- **Given material**:
========

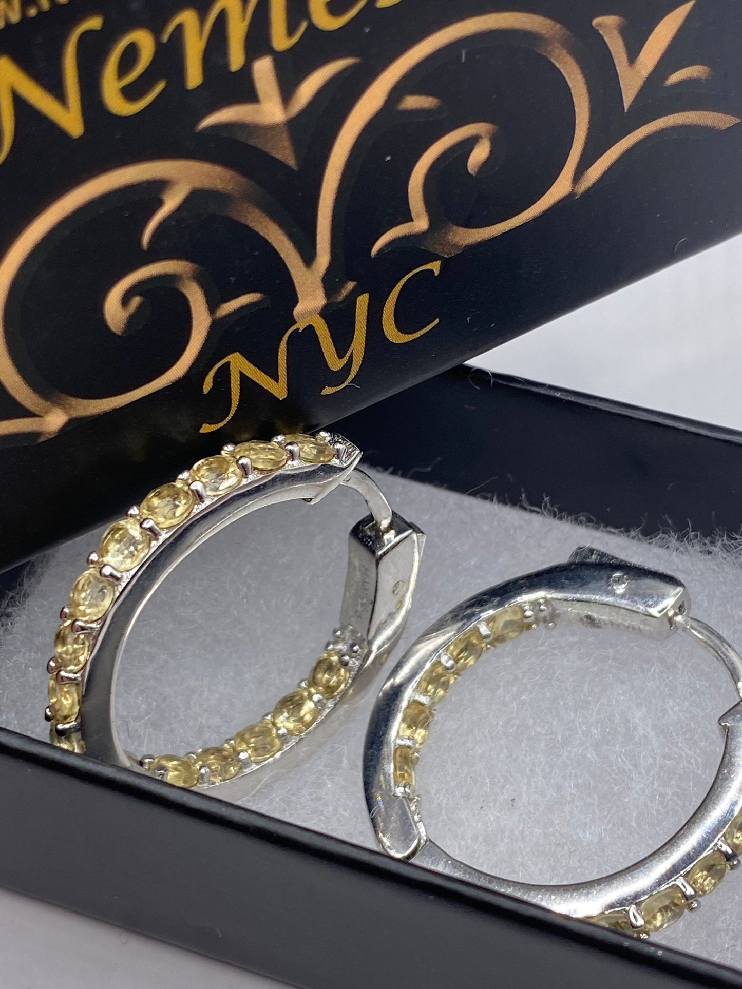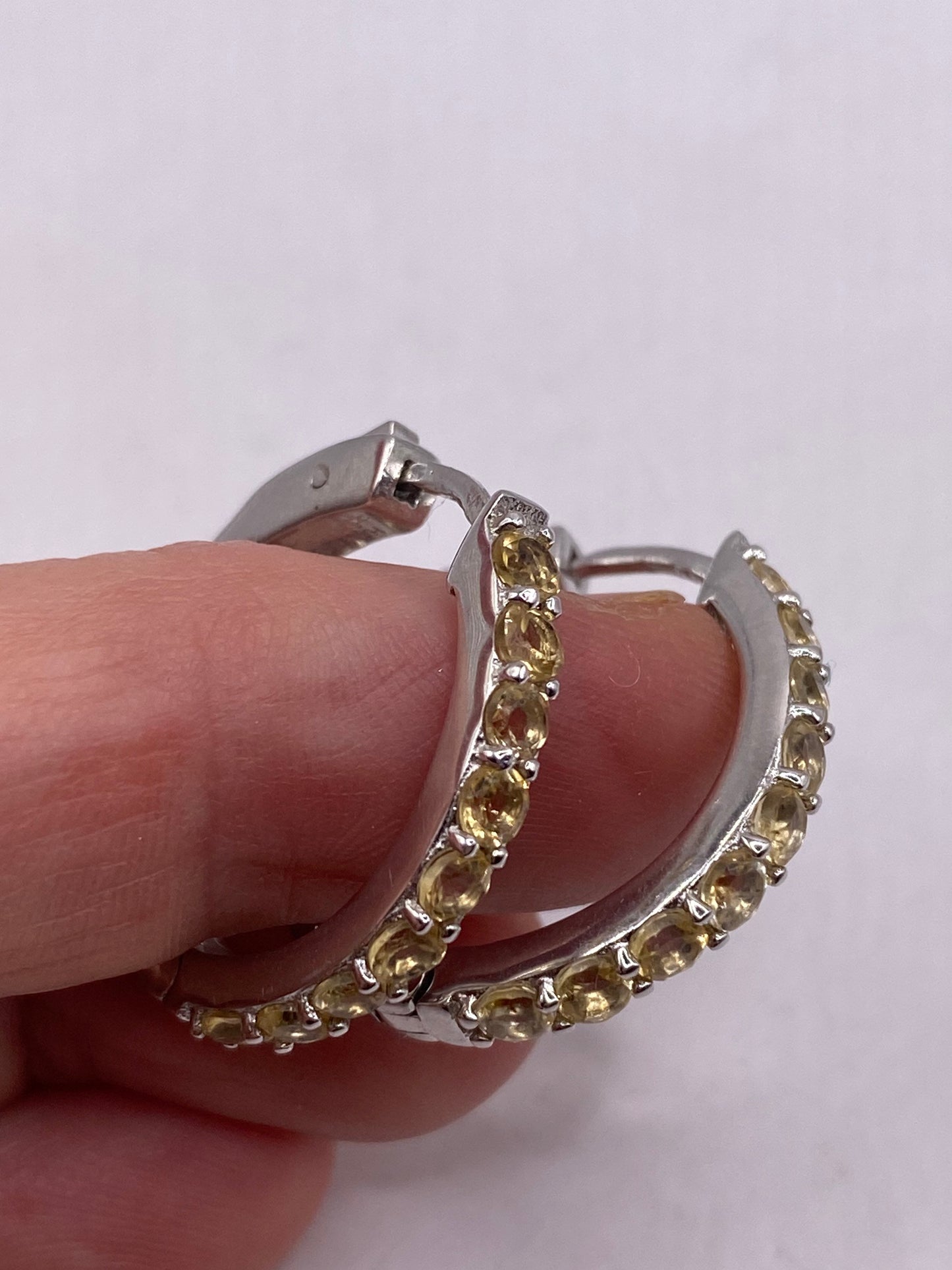 Vintage Citrine Hoop Earrings 925 Sterling Silver
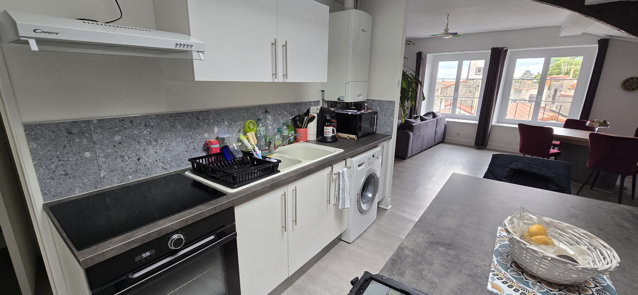Situé dans une petite copropriété de Riom, 3ème et dernier étage sans aascenseur pour ce bel appartement comprenant une très belle et grande pièce de vie avec cuisine, trois pièces (une chambre et deux plus petites) salle d'eau. Le logement est isolé thermiquement et lumineux. Belles poutres apparentes. Chauffage central au gaz de ville. Votre contact : Christophe combronde
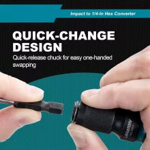 Each adapter in this 3-piece set is crafted from heavy-duty chrome molybdenum (Cr-Mo) steel, known for its exceptional durability and impact resistance. The phosphate finish adds an extra layer of protection, so these converters can handle rough use without flinching. Engineered with a quick-release chuck, the 1/4″ hex bit holders let you switch bits with one hand—saving you time and frustration on the job.
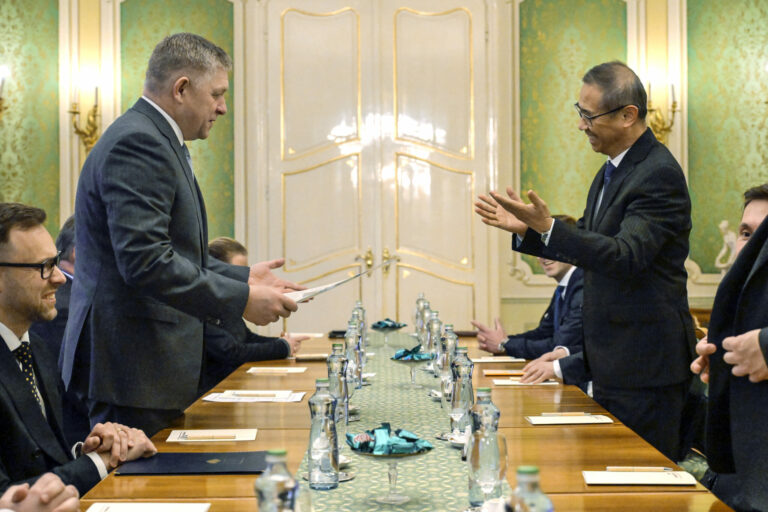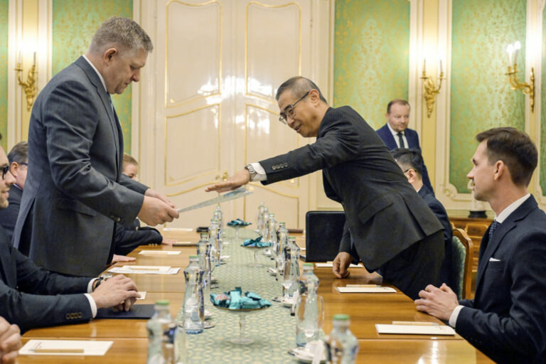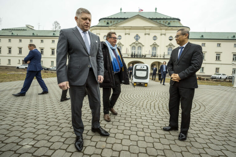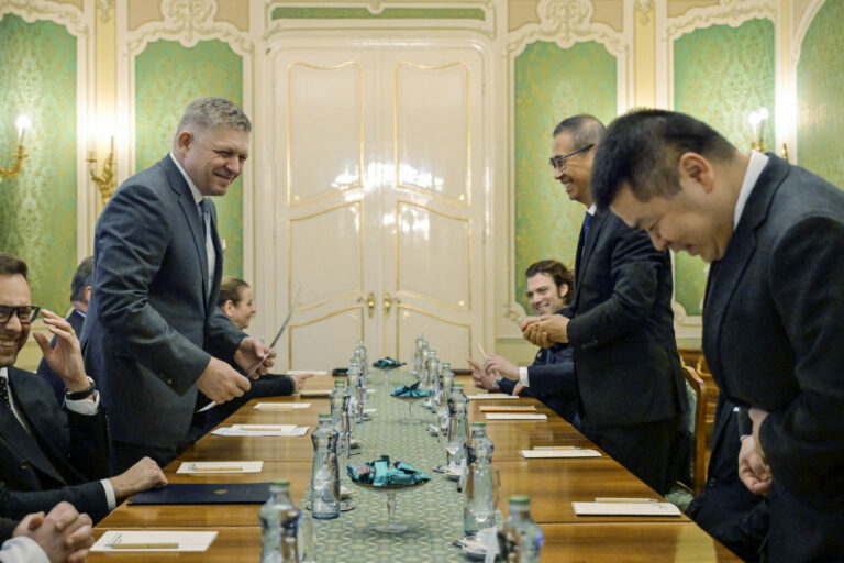 Predseda vlády SR Robert Fico (vľavo v pozadí) počas prijatia predstaviteľov spoločnosti Gotion InoBat Batteries v Zelenom salóniku v historickej budove Úradu vlády SR. Spoločnosť Gotion InoBat Batteries darovala mobilnú nabíjacu stanicu predsedovi vlády SR Robertovi Ficovi ako dar v rámci jeho návštevy závodu Gotion v Číne. Bratislava, 26. február 2025. Foto: SITA/Milan Illík

========

- **Your task**: Only the pictures are to be dropped; return everything else in the listing exactly.

- **Solved exercise**:
 Vintage Citrine Hoop Earrings 925 Sterling Silver
Situé dans une petite copropriété de Riom, 3ème et dernier étage sans aascenseur pour ce bel appartement comprenant une très belle et grande pièce de vie avec cuisine, trois pièces (une chambre et deux plus petites) salle d'eau. Le logement est isolé thermiquement et lumineux. Belles poutres apparentes. Chauffage central au gaz de ville. Votre contact : Christophe combronde
 Each adapter in this 3-piece set is crafted from heavy-duty chrome molybdenum (Cr-Mo) steel, known for its exceptional durability and impact resistance. The phosphate finish adds an extra layer of protection, so these converters can handle rough use without flinching. Engineered with a quick-release chuck, the 1/4″ hex bit holders let you switch bits with one hand—saving you time and frustration on the job.
 Predseda vlády SR Robert Fico (vľavo v pozadí) počas prijatia predstaviteľov spoločnosti Gotion InoBat Batteries v Zelenom salóniku v historickej budove Úradu vlády SR. Spoločnosť Gotion InoBat Batteries darovala mobilnú nabíjacu stanicu predsedovi vlády SR Robertovi Ficovi ako dar v rámci jeho návštevy závodu Gotion v Číne. Bratislava, 26. február 2025. Foto: SITA/Milan Illík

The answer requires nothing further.